On Ending The “Exhausting War Over Immigration” And Protecting Democracy

“And here’s what else we can do. Immigration has always been essential to America. Let’s end our exhausting war over immigration. If you believe we need a secure border – pass it. If you believe in a pathway to citizenship – pass it. If you actually want to solve the problem – I have sent you a bill, now pass it. We also have to get at the root of the problem of why people are fleeing to our southern border from Guatemala, Honduras, El Salvador. The violence. The corruption. The gangs. The political instability. Hunger. Hurricanes. Earthquakes. When I was Vice President, I focused on providing the help needed to address these root causes of migration. It helped keep people in their own countries instead of being forced to leave. Our plan worked. But the last administration shut it down. I’m restoring the program and asked Vice President Harris to lead our diplomatic efforts. I have absolute confidence she will get the job done. Now, if Congress won’t pass my plan – let’s at least pass what we agree on.”

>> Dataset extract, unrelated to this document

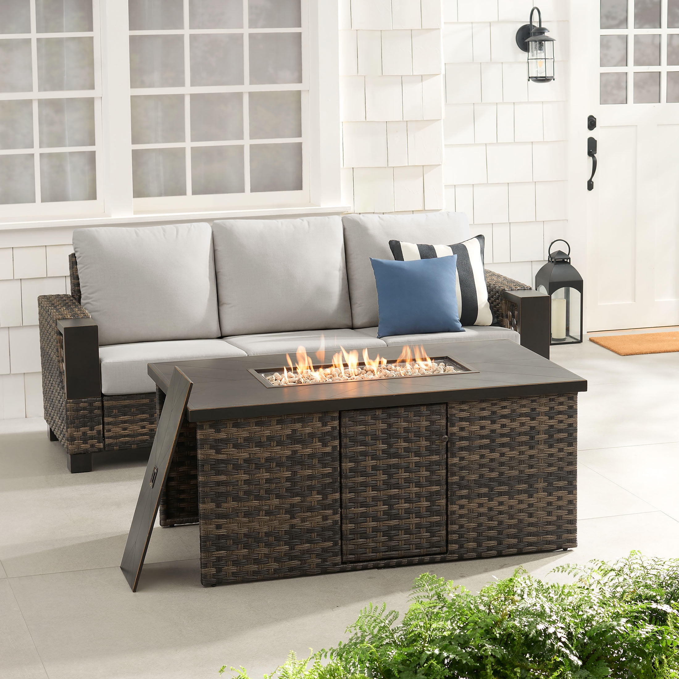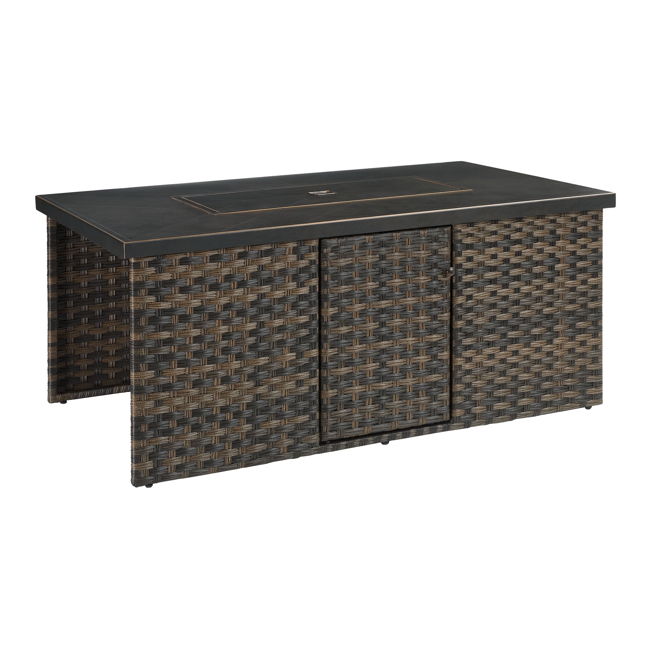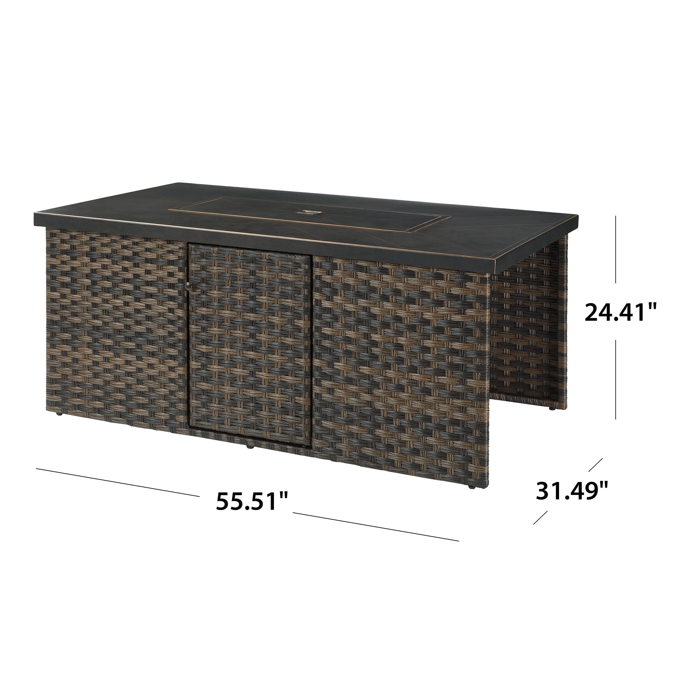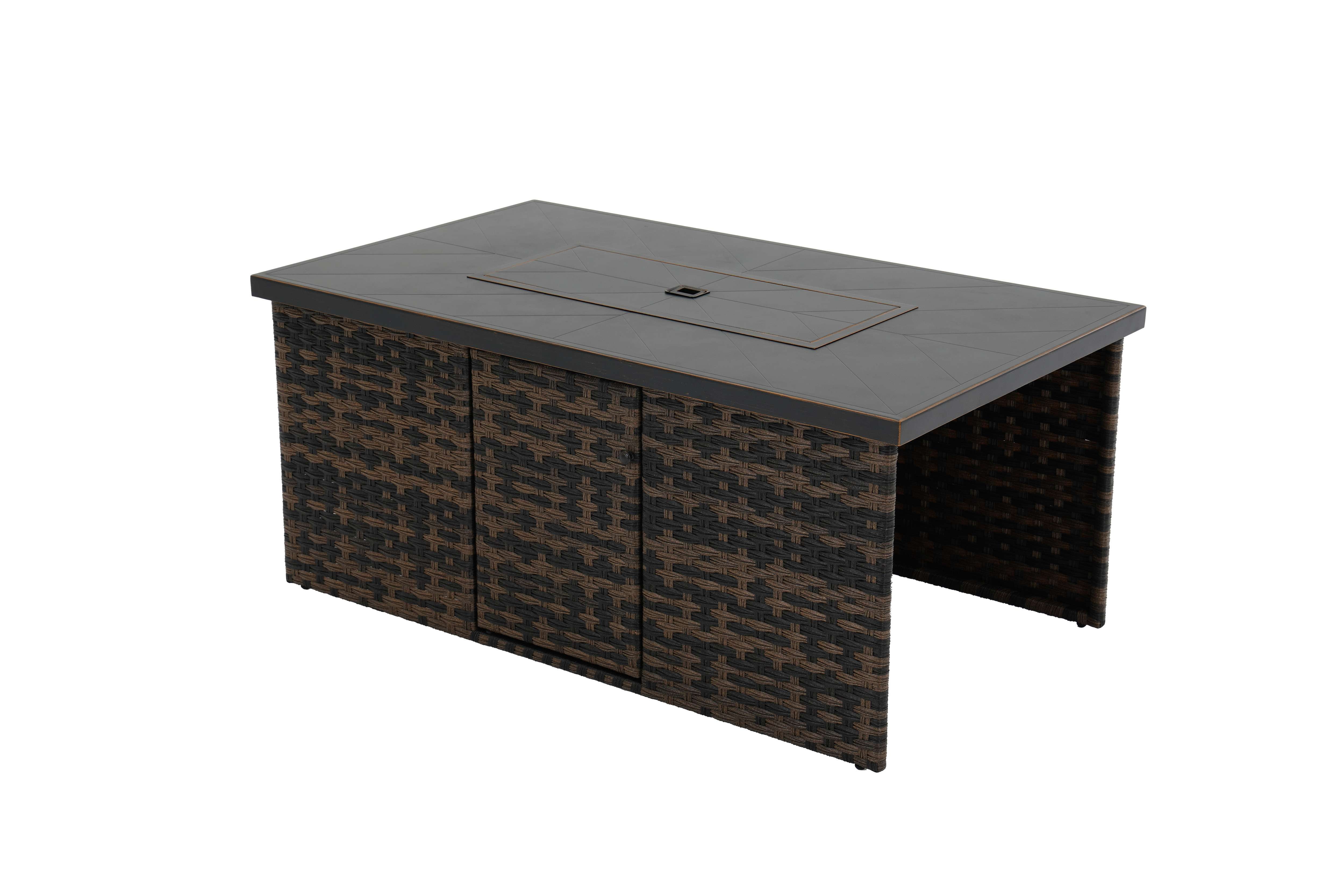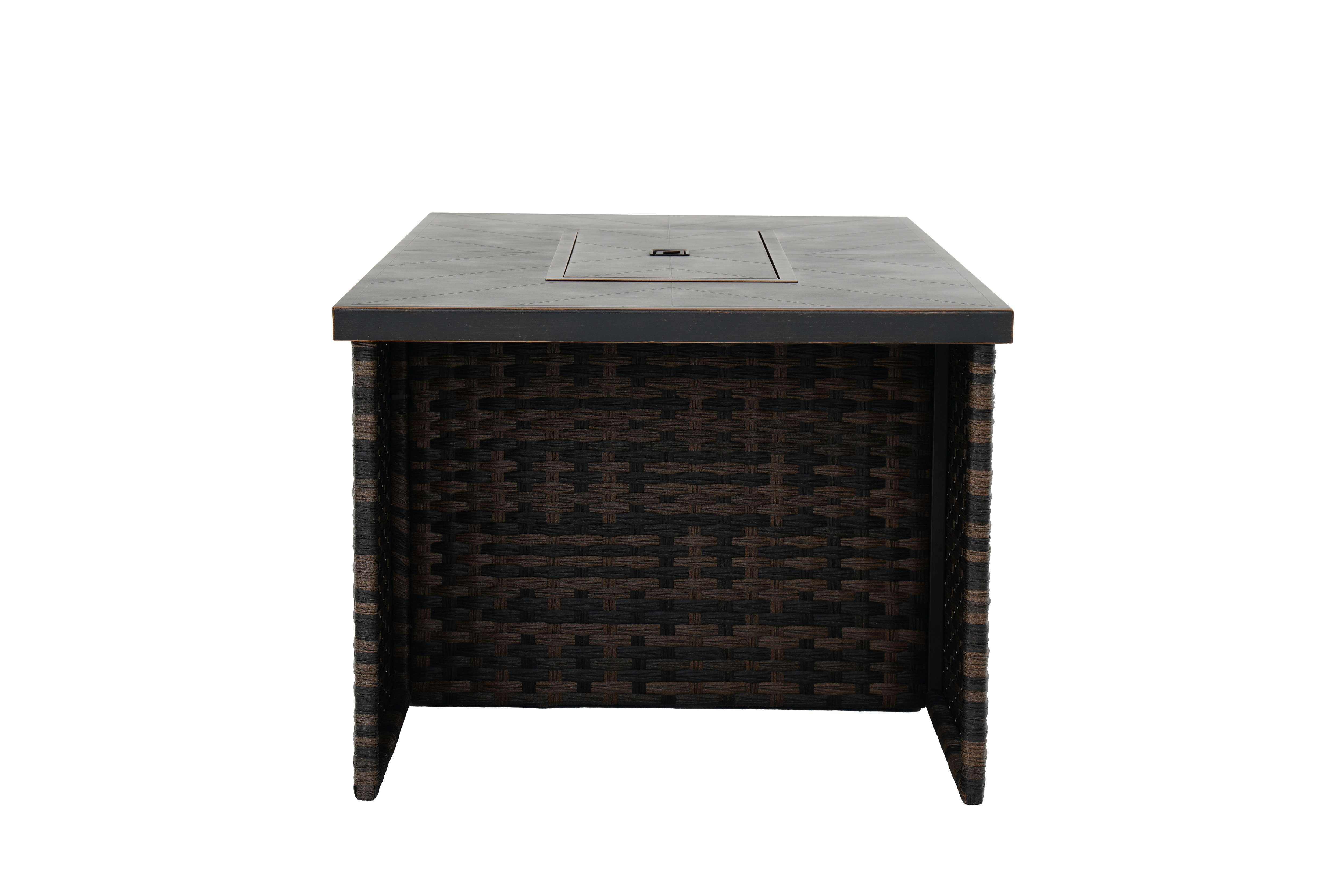 Better Homes & Gardens Rockport Fire Pit Table, Brown Materials & Construction: Hand-painted metal tabletop with herringbone pattern | Handwoven all-weather wicker base | E-coated and powder-coated steel frame Configuration & Dimensions: 55.51″L x 31.5″W x 24.41″H Firepit Features: 50,000 BTU (20lb. propane tank not included) | Electric push button ignition and flame level control knob | Propane tank access side door Weather Resistance: Designed to resist rust and outdoor wear Assembly: Easy assembly with instructions included Warranty: 3-year limited warranty on frame and wicker Maintenance Callout: Wipe down with soapy water as needed and allow to air dry Customer Service: For support, call 1-844-428-6923 (Mon–Fri, 8:00 AM – 8:00 PM EST)

“Congress needs to pass legislation this year to finally secure protection for the Dreamers – the young people who have only known America as their home. And, permanent protections for immigrants on temporary protected status who come from countries beset by man—made and natural made violence and disaster. As well as a pathway to citizenship for farmworkers who put food on our tables. Immigrants have done so much for America during the pandemic – as they have throughout our history. The country supports immigration reform. Congress should act.”

“More people voted in the last presidential election than ever before  
in our history – in the middle of one of the worst pandemics ever. That should be celebrated. Instead it’s being attacked. Congress should pass H.R. 1 and the John Lewis Voting Rights Act and send them to my desk right away. The country supports it. Congress should act. As we gather here tonight, the images of a violent mob assaulting this Capitol—desecrating our democracy—remain vivid in our minds. Lives were put at risk. Lives were lost. Extraordinary courage was summoned. The insurrection was an existential crisis—a test of whether our democracy could survive. It did. But the struggle is far from over. The question of whether our democracy will long endure is both ancient and urgent. As old as our Republic. Still vital today.”